1913 The great flood, compared in severity to the flood of 1832, creates more rock slides,
destroys most of the Robbers’ Den and unearths animal and human bones below the
Natural Bridge near the old auto ford. The Washington Avenue bridge was also destroyed,
according to Jim Smith, park historian.
1916 Excavation of the Bears’ Den unearths more Indian relics.
1925 The last pair of mink are observed in the park. The “Mink Run” cave under the
West Falls is named in their honor.
1936 Publication of “Cascade Park: Elyria’s Beautiful Natureland” by Frank Wilford.
1969 The July 4th flood completes destruction of the auto ford from downtown, damages
the pool and filter house, destroys tennis courts and nearly drowns the bears.
1982 State Rep. John Barra forms the Friends of Cascade Park.
1991 The East Falls observation deck is built.
1994 Cascade Park celebrates its 100th birthday.
1995 The West Falls observation deck is built with the support of the Elyria Rotary Club and a grant from the Nord Foundation. The leadership of Rotarian John Bobel (1950-2008) was instrumental in this and other Cascade Park projects.
1996 The Friends of Cascade Park reprints Wilford’s book in a 60th-anniversary edition.
1997 New playground equipment is installed.
1999 An observation deck overlooking the confluence of the Black River is built with the support of the Elyria Rotary Club.
2000 Another observation deck, this one overlooking the “Ancient Waterfall” above the old Bears’Den and part of the West Falls Loop Trail, is built with the support of the Elyria Rotary Club and grants.
2006 What was once the bathhouse is now the Cascade Park Nature Center following $225,000 in renovations.
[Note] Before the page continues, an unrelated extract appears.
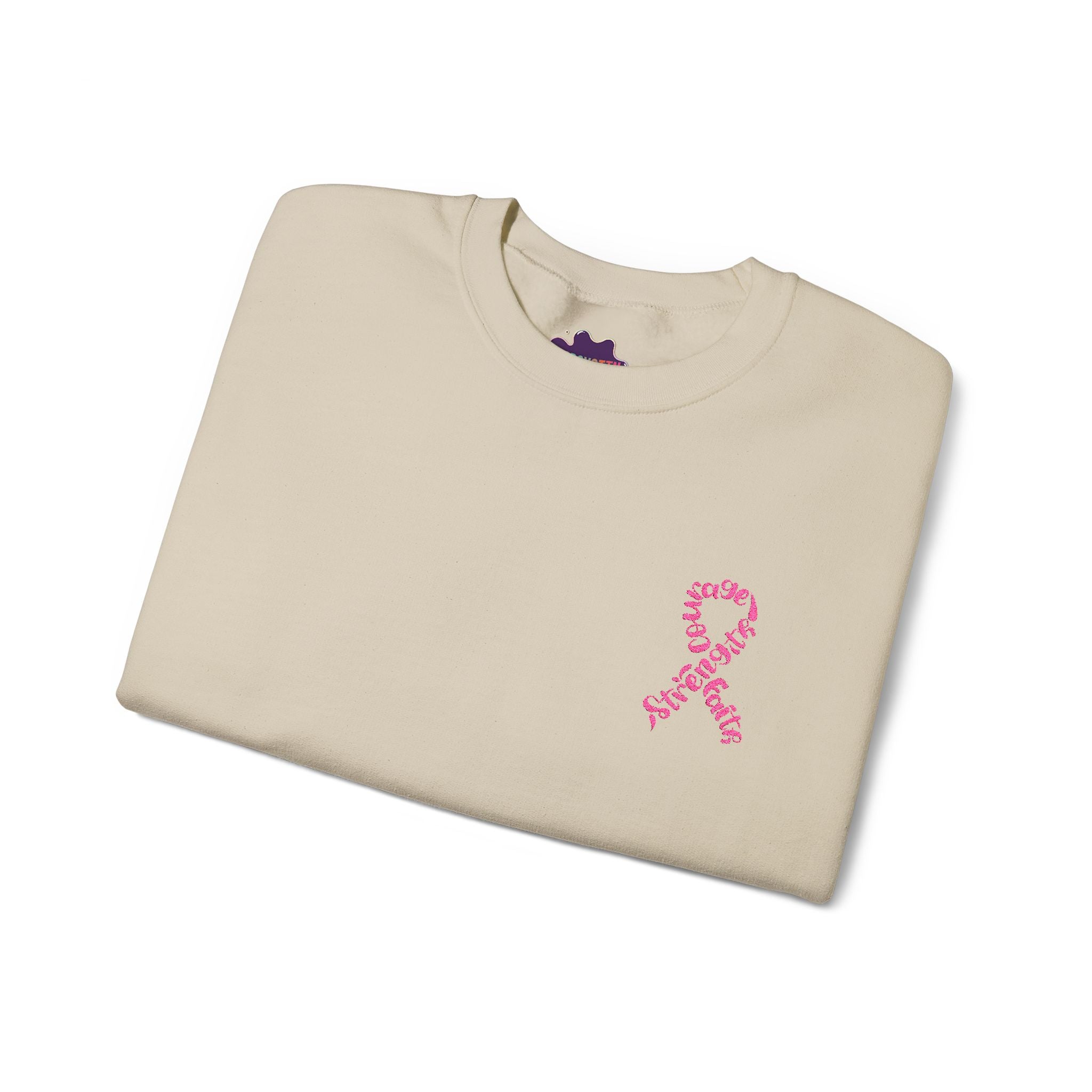 Courage, Strength & Faith – Breast Cancer Awareness Unisex Crewneck Sweatshirt

An array of local organizations, foundations and individuals provided funding, including the Elyria Rotary Club, the Nord Family Foundation, the Friends of Cascade Park and the Stocker Foundation, among others.
2014 Lorain County Metro Parks assumes operations of Cascade Park through a partnership with the City of Elyria.
2018 Cascade Park renovations, which include a new, all-inclusive playground funded by the Elyria Rotary Club, are celebrated with a dedication ceremony in July. Work continues in the areas known as 19-Acres and in Elywood Park, with completion expected by January 2019.